On the other hand, etcd is designed on a multi-coroutine architecture in Golang and offers two user-friendly interfaces: gRPC and RESTful. These interfaces are easy to integrate with and are efficient in terms of resource consumption. Additionally, each gRPC connection can handle multiple concurrent queries, which ensures optimal performance.
Defining Data
etcd
message KeyValue {
bytes key = 1;
// Revision number when the key was created
int64 create_revision = 2;
// Revision number when the key was last modified
int64 mod_revision = 3;
// Incrementing counter that increases every time the key is updated.
// This counter is reset to zero when the key is deleted, and is used as a tombstone.
int64 version = 4;
bytes value = 5;
// The lease object used by the key for TTL. If the value is 0, then there is no TTL.
int64 lease = 6;
}
PostgreSQL
PostgreSQL needs to use a table to simulate etcd's global data space:
CREATE TABLE IF NOT EXISTS config (
key text,
value text,
-- Equivalent to `create_revision` and `mod_revision`
-- Here, a big integer incrementing sequence type is used to simulate revision
revision bigserial,
-- Tombstone
tombstone boolean NOT NULL DEFAULT false,
-- Composite index, search by key first, then by revision
primary key(key, revision)
);
get
etcd
etcd's get
API has a wide range of parameters:
- Range queries, for example, setting
key
as/abc
andrange_end
as/abd
will retrieve all the key-value pairs with/abc
as the prefix. - Historical queries, specifying
revision
or a range ofmod_revision
. - Sorting and limiting the number of returned results.
message RangeRequest {
...
bytes key = 1;
// Range queries
bytes range_end = 2;
int64 limit = 3;
// Historical queries
int64 revision = 4;
// Sorting
SortOrder sort_order = 5;
SortTarget sort_target = 6;
bool serializable = 7;
bool keys_only = 8;
bool count_only = 9;
// Historical queries
int64 min_mod_revision = 10;
int64 max_mod_revision = 11;
int64 min_create_revision = 12;
int64 max_create_revision = 13;
}
PostgreSQL
PostgreSQL can perform the get function of etcd through SQL, and even provide more complex functionalities.
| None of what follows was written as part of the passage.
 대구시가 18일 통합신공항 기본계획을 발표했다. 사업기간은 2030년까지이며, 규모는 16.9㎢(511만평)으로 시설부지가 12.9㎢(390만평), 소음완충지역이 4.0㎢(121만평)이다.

Since SQL itself is a language rather than a fixed-parameter interface, it is highly versatile. Here we show a simple example of retrieving the latest key-value pair. Since the primary key is a combined index, it can be quickly searched by range, resulting in high-speed retrieval.
CREATE FUNCTION get1(kk text)
RETURNS table(r bigint, k text, v text, c bigint) AS $$
SELECT revision, key, value, create_time
FROM config
where key = kk and tombstone = false
ORDER BY key, revision desc
limit 1
$$ LANGUAGE sql;
put
etcd
message PutRequest {
bytes key = 1;
bytes value = 2;
int64 lease = 3;
// whether to respond with the key-value pair data before the update from this `Put` request.
bool prev_kv = 4;
bool ignore_value = 5;
bool ignore_lease = 6;
}
PostgreSQL
Just like in etcd, PostgreSQL does not execute changes in place. Instead, a new row is inserted, and a new revision is assigned to it.
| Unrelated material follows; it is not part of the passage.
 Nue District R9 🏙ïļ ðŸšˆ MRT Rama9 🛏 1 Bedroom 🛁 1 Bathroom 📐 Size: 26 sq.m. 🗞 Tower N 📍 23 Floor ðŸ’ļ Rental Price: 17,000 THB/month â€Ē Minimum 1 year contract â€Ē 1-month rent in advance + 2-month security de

CREATE FUNCTION set(k text, v text) RETURNS bigint AS $$
insert into config(key, value) values(k, v) returning revision;
$$ LANGUAGE SQL;
delete
etcd
message DeleteRangeRequest {
bytes key = 1;
bytes range_end = 2;
bool prev_kv = 3;
}
PostgreSQL
Similar to etcd, deletion in PostgreSQL does not modify data in place. Instead, a new row is inserted with the tombstone field set to true to indicate that it is a tombstone.
CREATE FUNCTION del(k text) RETURNS bigint AS $$
insert into config(key, tombstone) values(k, true) returning revision;
$$ LANGUAGE SQL;
watch
etcd
message WatchCreateRequest {
bytes key = 1;
// Specifies the range of keys to watch
bytes range_end = 2;
// Starting revision for the watch
int64 start_revision = 3;
...
}
message WatchResponse {
ResponseHeader header = 1;
...
// For efficiency, multiple events can be returned
repeated mvccpb.Event events = 11;
}
PostgreSQL
PostgreSQL does not come with a built-in watch function, and instead, it requires a combination of triggers and channels to achieve similar functionality. By using pg_notify
, data can be sent to all applications that are listening to a specific channel.
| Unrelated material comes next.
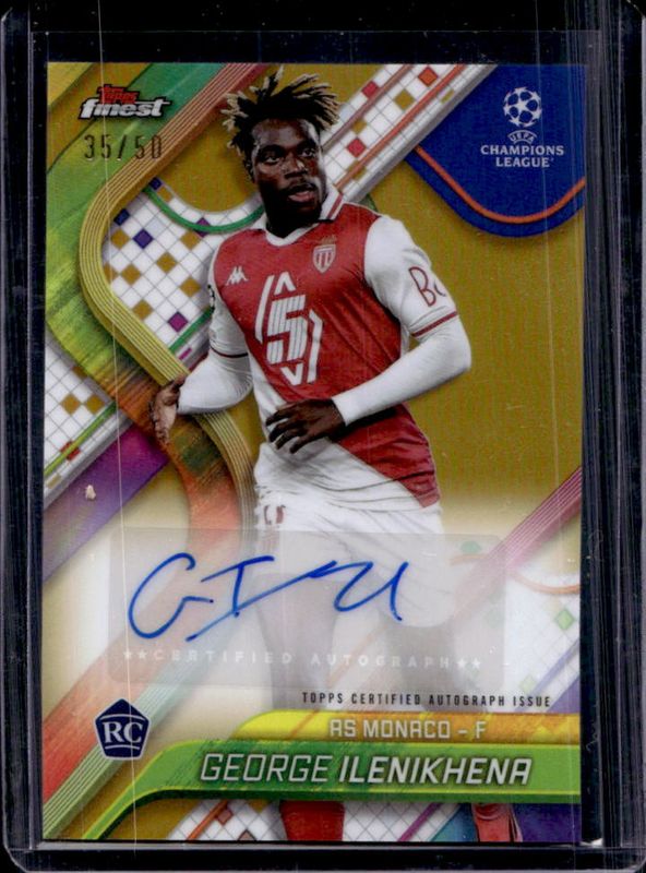 The George Ilenikhena 2024 Topps Finest UEFA Club Competitions #BA-GI Base Autographs - Gold Refractor /50 Rookie card is 1 of 68 George Ilenikhena's card variations in the 2024 Topps Finest UEFA Club Competitions set being tracked by Sports Card Investor, including Base, Refractor, Purple Refractor /299, Sky Blue Refractor /275, and Pink RayWave Refractor /250.

-- trigger function for distributing put/delete events
CREATE FUNCTION notify_config_change() RETURNS TRIGGER AS $$
DECLARE
data json;
channel text;
is_channel_exist boolean;
BEGIN
IF (TG_OP = 'INSERT') THEN
-- use JSON to encode
data = row_to_json(NEW);
-- Extract channel name for distribution from key
channel = (SELECT SUBSTRING(NEW.key, '/(.*)/'));
-- If an application is watching the channel, send an event through it
is_channel_exist = NOT pg_try_advisory_lock(9080);
IF is_channel_exist THEN
PERFORM pg_notify(channel, data::text);
ELSE
PERFORM pg_advisory_unlock(9080);
END IF;
END IF;
RETURN NULL; -- Result is ignored since this is an AFTER trigger
END;
$$ LANGUAGE plpgsql;
CREATE TRIGGER notify_config_change
AFTER INSERT ON config
FOR EACH ROW EXECUTE FUNCTION notify_config_change();
Since the watch feature is encapsulated, client applications must also implement corresponding logic. Using Golang as an example, the following steps must be taken:
- Start listening: When listening starts, all notify data will be cached at both the PostgreSQL and Golang channel levels.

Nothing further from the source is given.